▸ WHAT TO WORK ON: The response should contain all of the data below, reproduced exactly, and no pictures.

▸ DATA SHOWN:

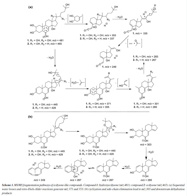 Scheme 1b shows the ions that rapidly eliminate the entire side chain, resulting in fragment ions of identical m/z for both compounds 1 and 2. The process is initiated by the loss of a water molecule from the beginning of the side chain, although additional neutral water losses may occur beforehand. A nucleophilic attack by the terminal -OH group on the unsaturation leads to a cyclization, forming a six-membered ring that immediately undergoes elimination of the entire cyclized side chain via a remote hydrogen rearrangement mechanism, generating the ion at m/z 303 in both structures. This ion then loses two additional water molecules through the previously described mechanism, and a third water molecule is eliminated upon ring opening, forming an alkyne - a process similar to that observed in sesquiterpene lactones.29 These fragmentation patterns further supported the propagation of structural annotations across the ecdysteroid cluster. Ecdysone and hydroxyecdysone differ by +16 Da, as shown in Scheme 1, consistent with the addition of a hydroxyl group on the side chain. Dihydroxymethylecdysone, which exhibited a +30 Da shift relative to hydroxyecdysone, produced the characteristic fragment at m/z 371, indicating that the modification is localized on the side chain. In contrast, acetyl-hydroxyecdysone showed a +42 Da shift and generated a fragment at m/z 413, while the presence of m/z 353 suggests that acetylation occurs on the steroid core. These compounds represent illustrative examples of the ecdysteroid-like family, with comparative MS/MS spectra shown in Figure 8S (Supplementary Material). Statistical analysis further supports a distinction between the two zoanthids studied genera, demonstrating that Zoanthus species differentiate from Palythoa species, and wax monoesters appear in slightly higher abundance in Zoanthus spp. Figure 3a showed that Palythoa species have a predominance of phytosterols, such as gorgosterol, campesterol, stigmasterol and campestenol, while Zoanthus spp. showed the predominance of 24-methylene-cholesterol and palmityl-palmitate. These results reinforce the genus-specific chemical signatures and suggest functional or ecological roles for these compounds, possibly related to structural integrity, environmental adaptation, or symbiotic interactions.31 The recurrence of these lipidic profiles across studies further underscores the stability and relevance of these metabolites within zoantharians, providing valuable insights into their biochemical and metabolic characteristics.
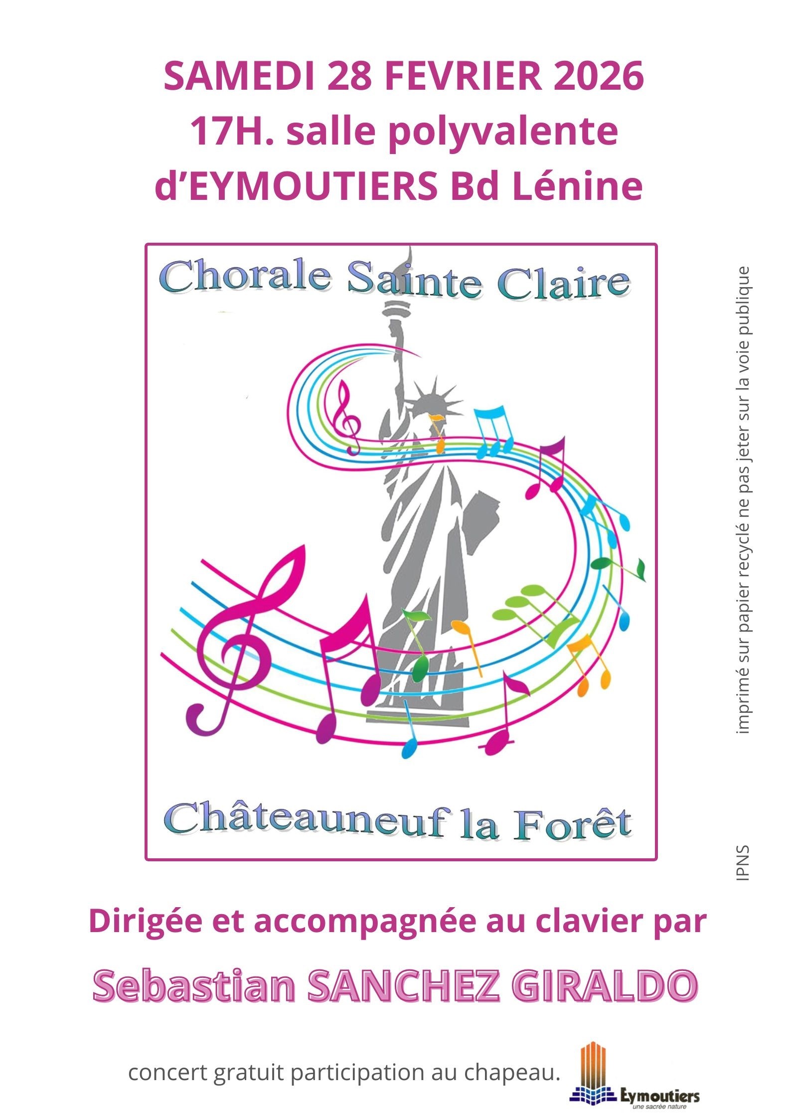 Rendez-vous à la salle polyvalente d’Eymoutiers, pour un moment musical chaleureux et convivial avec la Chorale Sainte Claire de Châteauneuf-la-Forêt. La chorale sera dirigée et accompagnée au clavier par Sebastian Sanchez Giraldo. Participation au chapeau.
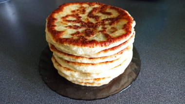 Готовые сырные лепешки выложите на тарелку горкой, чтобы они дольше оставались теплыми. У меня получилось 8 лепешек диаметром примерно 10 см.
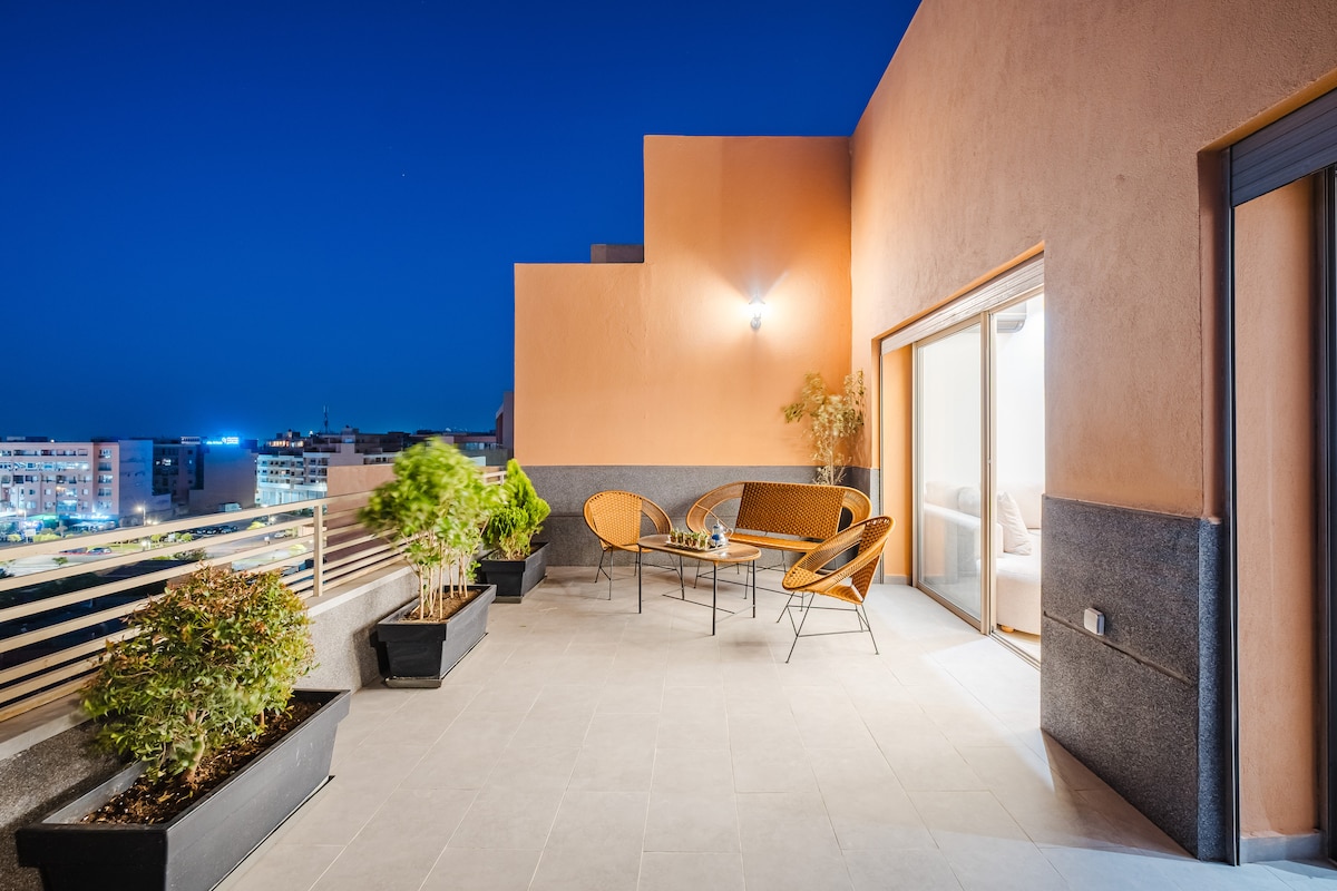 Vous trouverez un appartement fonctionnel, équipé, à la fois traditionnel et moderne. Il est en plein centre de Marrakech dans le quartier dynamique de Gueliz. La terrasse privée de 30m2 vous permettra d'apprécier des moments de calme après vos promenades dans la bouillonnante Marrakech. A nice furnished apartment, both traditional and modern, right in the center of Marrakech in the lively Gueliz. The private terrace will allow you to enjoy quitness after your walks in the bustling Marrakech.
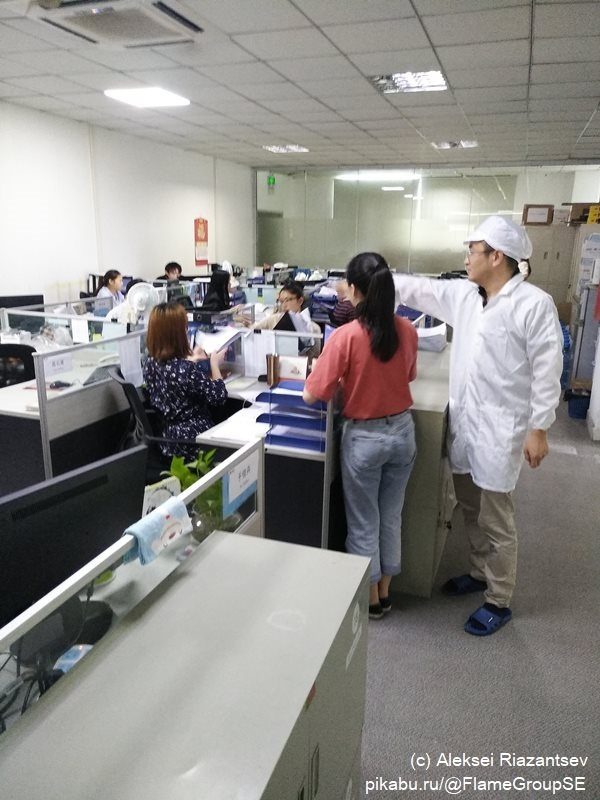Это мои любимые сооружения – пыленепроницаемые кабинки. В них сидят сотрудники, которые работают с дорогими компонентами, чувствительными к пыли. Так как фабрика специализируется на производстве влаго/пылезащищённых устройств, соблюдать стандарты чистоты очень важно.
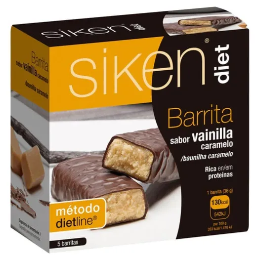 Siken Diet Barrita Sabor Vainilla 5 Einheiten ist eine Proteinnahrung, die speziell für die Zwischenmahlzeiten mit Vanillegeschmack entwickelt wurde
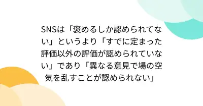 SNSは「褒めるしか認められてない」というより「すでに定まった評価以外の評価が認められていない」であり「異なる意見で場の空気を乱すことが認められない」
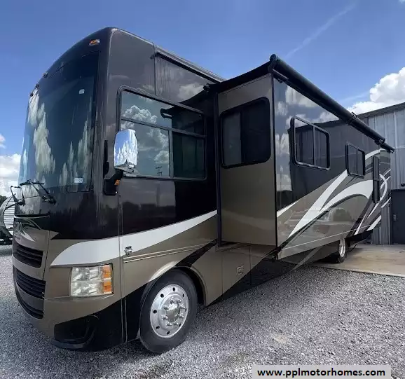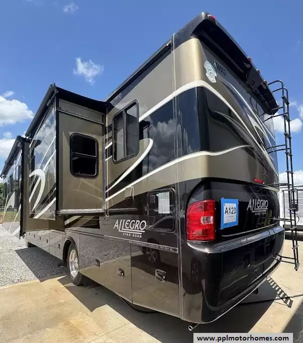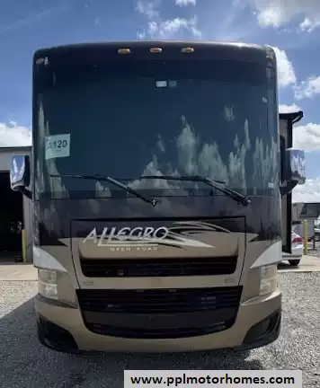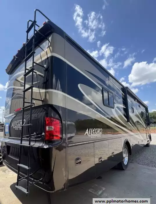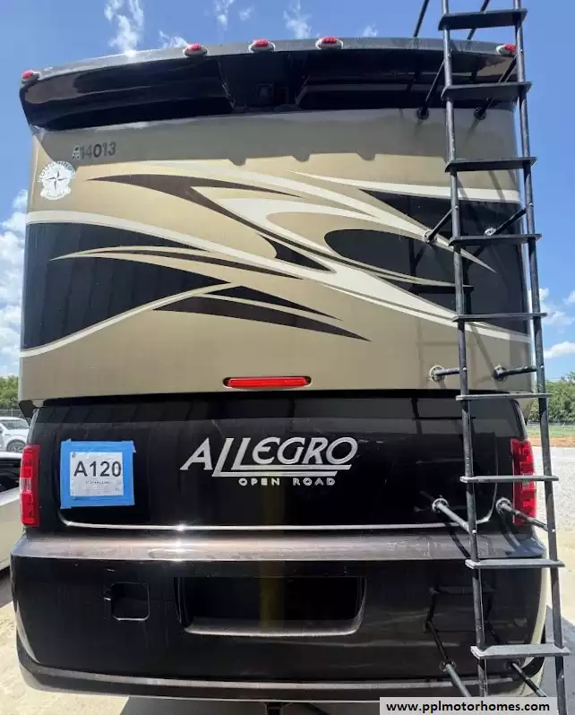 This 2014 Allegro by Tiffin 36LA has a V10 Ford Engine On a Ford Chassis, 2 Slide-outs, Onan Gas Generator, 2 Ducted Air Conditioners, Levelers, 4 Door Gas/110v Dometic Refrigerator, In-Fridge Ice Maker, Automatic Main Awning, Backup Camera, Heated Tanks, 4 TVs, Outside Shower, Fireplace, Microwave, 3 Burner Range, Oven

▸ ANSWER FOR THIS EXERCISE:
 Scheme 1b shows the ions that rapidly eliminate the entire side chain, resulting in fragment ions of identical m/z for both compounds 1 and 2. The process is initiated by the loss of a water molecule from the beginning of the side chain, although additional neutral water losses may occur beforehand. A nucleophilic attack by the terminal -OH group on the unsaturation leads to a cyclization, forming a six-membered ring that immediately undergoes elimination of the entire cyclized side chain via a remote hydrogen rearrangement mechanism, generating the ion at m/z 303 in both structures. This ion then loses two additional water molecules through the previously described mechanism, and a third water molecule is eliminated upon ring opening, forming an alkyne - a process similar to that observed in sesquiterpene lactones.29 These fragmentation patterns further supported the propagation of structural annotations across the ecdysteroid cluster. Ecdysone and hydroxyecdysone differ by +16 Da, as shown in Scheme 1, consistent with the addition of a hydroxyl group on the side chain. Dihydroxymethylecdysone, which exhibited a +30 Da shift relative to hydroxyecdysone, produced the characteristic fragment at m/z 371, indicating that the modification is localized on the side chain. In contrast, acetyl-hydroxyecdysone showed a +42 Da shift and generated a fragment at m/z 413, while the presence of m/z 353 suggests that acetylation occurs on the steroid core. These compounds represent illustrative examples of the ecdysteroid-like family, with comparative MS/MS spectra shown in Figure 8S (Supplementary Material). Statistical analysis further supports a distinction between the two zoanthids studied genera, demonstrating that Zoanthus species differentiate from Palythoa species, and wax monoesters appear in slightly higher abundance in Zoanthus spp. Figure 3a showed that Palythoa species have a predominance of phytosterols, such as gorgosterol, campesterol, stigmasterol and campestenol, while Zoanthus spp. showed the predominance of 24-methylene-cholesterol and palmityl-palmitate. These results reinforce the genus-specific chemical signatures and suggest functional or ecological roles for these compounds, possibly related to structural integrity, environmental adaptation, or symbiotic interactions.31 The recurrence of these lipidic profiles across studies further underscores the stability and relevance of these metabolites within zoantharians, providing valuable insights into their biochemical and metabolic characteristics.
 Rendez-vous à la salle polyvalente d’Eymoutiers, pour un moment musical chaleureux et convivial avec la Chorale Sainte Claire de Châteauneuf-la-Forêt. La chorale sera dirigée et accompagnée au clavier par Sebastian Sanchez Giraldo. Participation au chapeau.
 Готовые сырные лепешки выложите на тарелку горкой, чтобы они дольше оставались теплыми. У меня получилось 8 лепешек диаметром примерно 10 см.
 Vous trouverez un appartement fonctionnel, équipé, à la fois traditionnel et moderne. Il est en plein centre de Marrakech dans le quartier dynamique de Gueliz. La terrasse privée de 30m2 vous permettra d'apprécier des moments de calme après vos promenades dans la bouillonnante Marrakech. A nice furnished apartment, both traditional and modern, right in the center of Marrakech in the lively Gueliz. The private terrace will allow you to enjoy quitness after your walks in the bustling Marrakech.
Это мои любимые сооружения – пыленепроницаемые кабинки. В них сидят сотрудники, которые работают с дорогими компонентами, чувствительными к пыли. Так как фабрика специализируется на производстве влаго/пылезащищённых устройств, соблюдать стандарты чистоты очень важно.
 Siken Diet Barrita Sabor Vainilla 5 Einheiten ist eine Proteinnahrung, die speziell für die Zwischenmahlzeiten mit Vanillegeschmack entwickelt wurde
 SNSは「褒めるしか認められてない」というより「すでに定まった評価以外の評価が認められていない」であり「異なる意見で場の空気を乱すことが認められない」
 This 2014 Allegro by Tiffin 36LA has a V10 Ford Engine On a Ford Chassis, 2 Slide-outs, Onan Gas Generator, 2 Ducted Air Conditioners, Levelers, 4 Door Gas/110v Dometic Refrigerator, In-Fridge Ice Maker, Automatic Main Awning, Backup Camera, Heated Tanks, 4 TVs, Outside Shower, Fireplace, Microwave, 3 Burner Range, Oven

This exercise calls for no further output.